La presentazione sarà trasmessa in diretta streaming sulla pagina Facebook diocesi Assisi-Nocera-Gualdo.

Assisi – Istituto il premio internazionale Francesco di Assisi e Carlo per un’economia della fraternità

Si chiamerà “Francesco di Assisi e Carlo Acutis per una economia della fraternità” il premio internazionale annunciato dal vescovo di Assisi – Nocera Umbra – Gualdo Tadino, monsignor Domenico Sorrentino, giovedì 8 ottobre nel Santuario della Spogliazione, in occasione della presentazione del libro della giornalista Mediaset, Safiria Leccese, dal titolo: “La ricchezza del bene”, al quale sono intervenuti alcuni degli imprenditori raccontati nel volume. Il premio, il cui statuto verrà firmato dal vescovo nel giorno della Beatificazione di Carlo Acutis che si terrà sabato 10 ottobre alla ore 16,30 nella Basilica superiore di San Francesco, nasce per promuovere un rinnovamento dell’economia all’insegna dell’universale fraternità di tutti gli esseri umani, a partire dalla condizione e dagli interessi dei più umili e disagiati.
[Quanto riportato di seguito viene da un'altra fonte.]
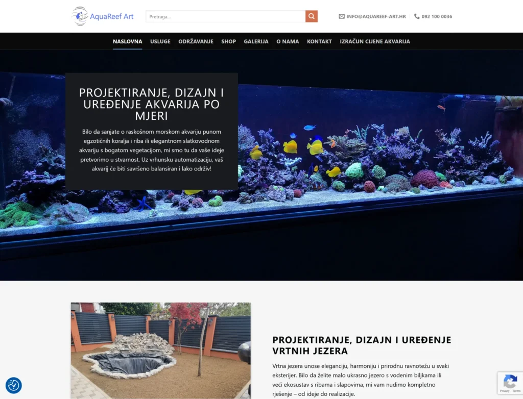 Web stranica za klijenta koji projektira i izrađuje akvarije po mjeri, od manjih kućnih modela do velikih instalacija.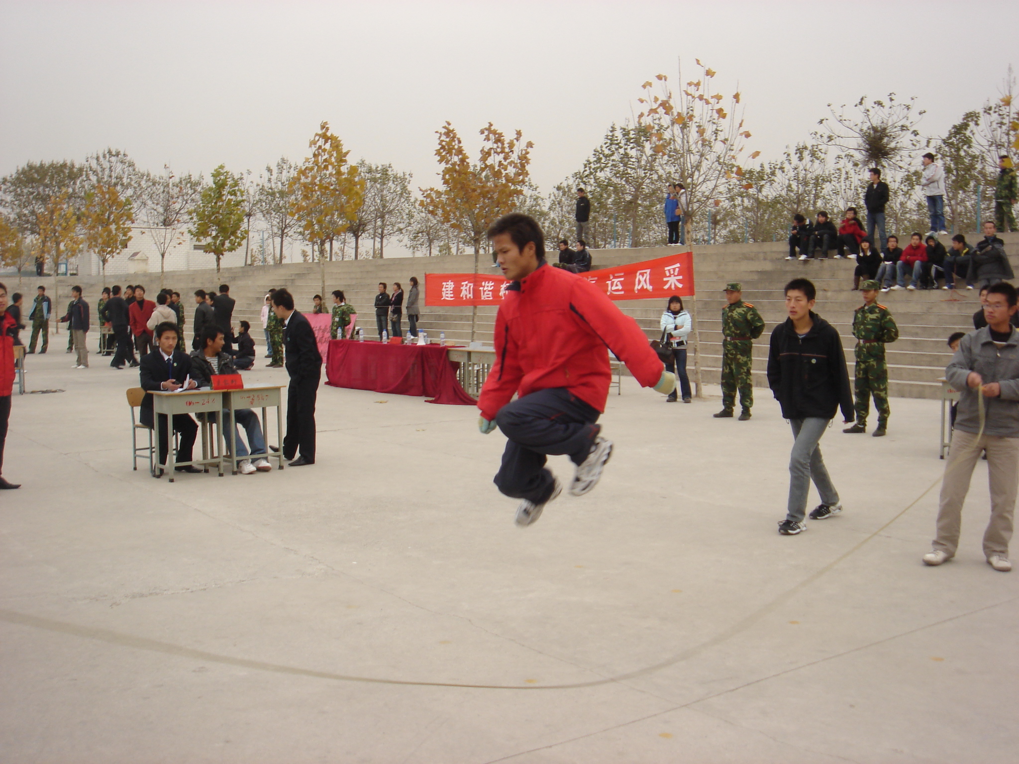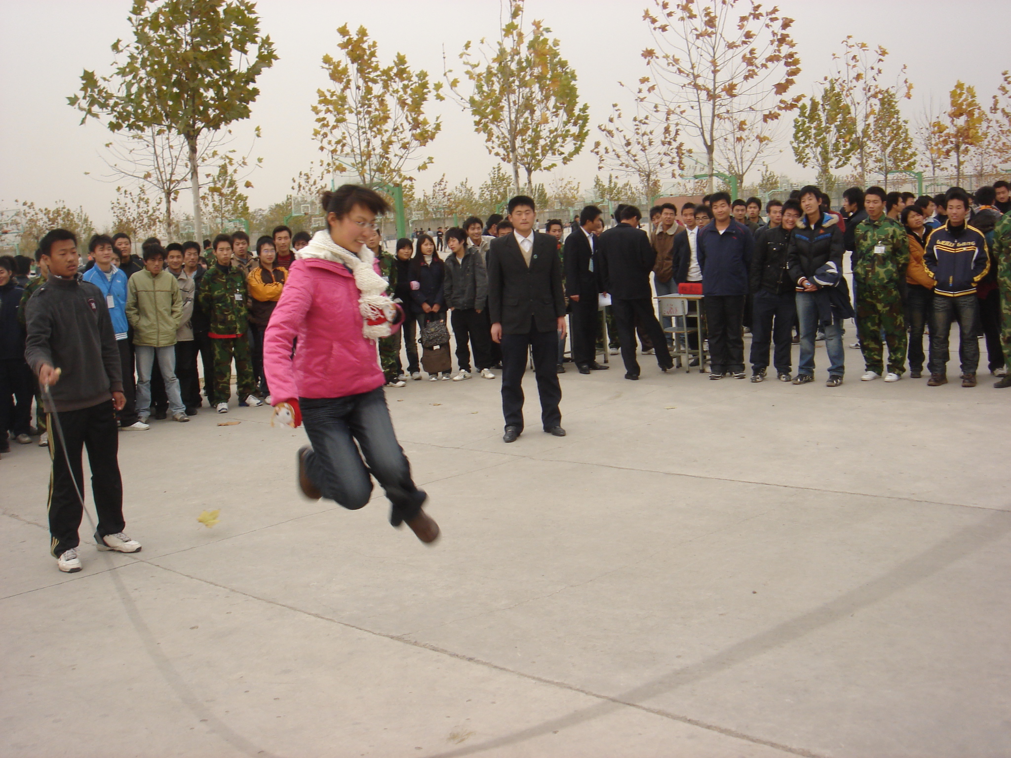 比赛由汽运系07、08级共计24支队伍组成,本次比赛以班级为单位,每班派10名选手参加,比赛尚未开始,选手们都已跃跃欲试,蓄势待发,认真地做着准备动作和热身运动,在裁判长任文杰的一声令下,跳绳比赛正式开始,比赛中选手们都非常认真,过绳动作各异,有的像袋鼠跳步,有的像鹰击长空,选手们矫健的动作不时博得现场观众的阵阵掌声和呐喊。在整个比赛中“加油”声此起彼伏,在精彩时刻,连裁判都会站起来叫“好”!

Il premio è specificamente finalizzato ad incoraggiare quei processi economici “dal basso”, in cui persone con scarse possibilità economiche, in qualunque parte del mondo, ma specie nelle regioni più povere, si mettono insieme intorno a valide idee progettuali, contando soprattutto sul “capitale della fraternità”.

Il vescovo nell’illustrare l’iniziativa ha sottolineato che si tratta di “una carità generativa. Il premio sarà di carattere simbolico, educativo e avrà anche dei momenti addirittura scientifici perché vogliamo riflettere su quello che succede nel mondo, vogliamo capire i dinamismi, vogliamo andare anche nella direzione di percorsi che ci aiutino a fare un mondo più bello a tutti i livelli”. Durante l’incontro sono state raccontate dal vivo tante storie imprenditoriali di bene. “Storie di lavoro – ha spiegato Safiria Leccese – di persone che hanno pensato di poter generare delle imprese, delle aziende non facendo profitti, ma facendo del lavoro la realizzazione, mettendo al centro la persona”. Sono intervenuti alcuni degli imprenditori narrati nel testo in particolare Giorgio Campagnolo della Fratelli Campagnolo Marchio CMP Niccolò Branca della Fernet-Branca, Paola Guerrieri La Mediterranea Srl, Giuliano Maffei della Fondazione Stella Maris. Per la prima volta è intervenuto anche il papà di Carlo, Andrea Acutis che ha sottolineato “la scelta di coerenza fatta da San Francesco con la spogliazione. Questa coerenza totale è ovviamente un atto eroico, ma è un atto che genera una semplicità, un’unicità, una forza che è quella che ha poi creato San Francesco che è unica. Carlo anche lui, è ovviamente un po’ difficile paragonarlo a San Francesco, ma non era diviso in se stesso”.